# Prostatakrebs > Gesundheitspolitik, Recht und Soziales >  Schwerbehindertenausweis

## Reinhold2

Mein Ausweis (90%) läuft nach fünf Jahren, Mitte des Jahres ab. Wer ist schon länger erkrankt und kann mir sagen, ob ich einen neuen Ausweis bekomme und was die Kriterien dafür sind?
Gruß
Reinhold

----------


## Lothar M

Hallo Reinhold,

Du wirst von der Schwerbehindertenstelle rechtzeitig angeschrieben.
Du musst dann einen Verlängerungsantrag stellen.
Dem fügst Du die ärztlichen Unterlagen über die Behinderungen bzw.

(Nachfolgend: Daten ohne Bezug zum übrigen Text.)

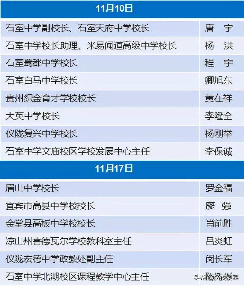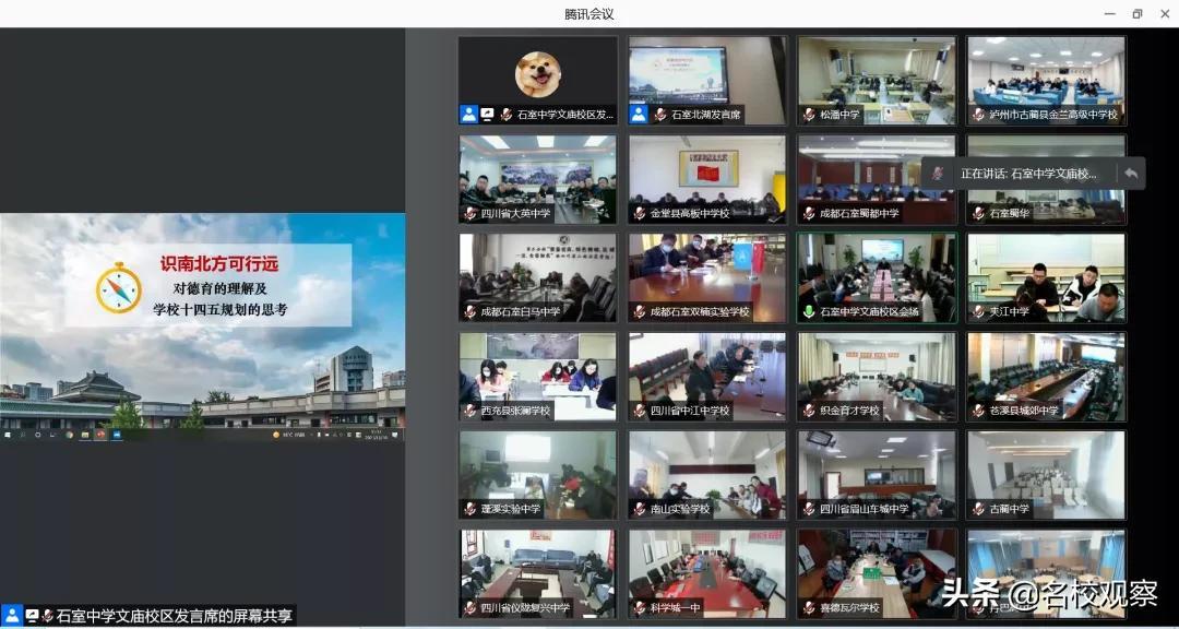 为持续输出石室经验,构建校际学习共同体,11月10日起,石室中学对外开放行政会议。除两校区行政干部、年级组长等参加外,会议面向集团成员学校、祥云网校、四川云教、名校长工作室全面开放。

Krankheiten bei, die bei der Erstbescheidung maßgeblich waren.
Bei Deinem Krebs kommt es auf die Heilungsbewährung nach der Strahlentherapie an.
Da Dein PSA-Wert derzeit 0,07 beträgt, kannst Du argumentieren, dass der PSA-Wert noch nicht unter der Nachweisgrenze gesunken ist, also somit noch keine Heilungsbewährung eingetreten ist.
Wichtig ist, dass der Grad der Behinderung mindestens 50% beträgt.
Widerspruch und Klage beim Sozialgericht haben für die Schwerbehinderteneigenschaft und den Grad der Behinderung bis zur rechtskräftigen Entscheidung aufschiebende Wirkung (§ 116 SBB IX).

Alles Gute 

Lothar

----------


## Reinhold2

Danke Dir, Lothar. Hast mir sehr geholfen!
Gruß
R.

----------


## Lothar M

Hallo Reinhold,
hier noch ein nützlicher Link:

https://www.betanet.de/grad-der-behi...n.html?pdf=631

Tippfehler SBB = SGB Sozialgesetzbuch 

Lothar

----------


## Reinhold2

Hallo Lothar, 
Auch dafür vielen Dank!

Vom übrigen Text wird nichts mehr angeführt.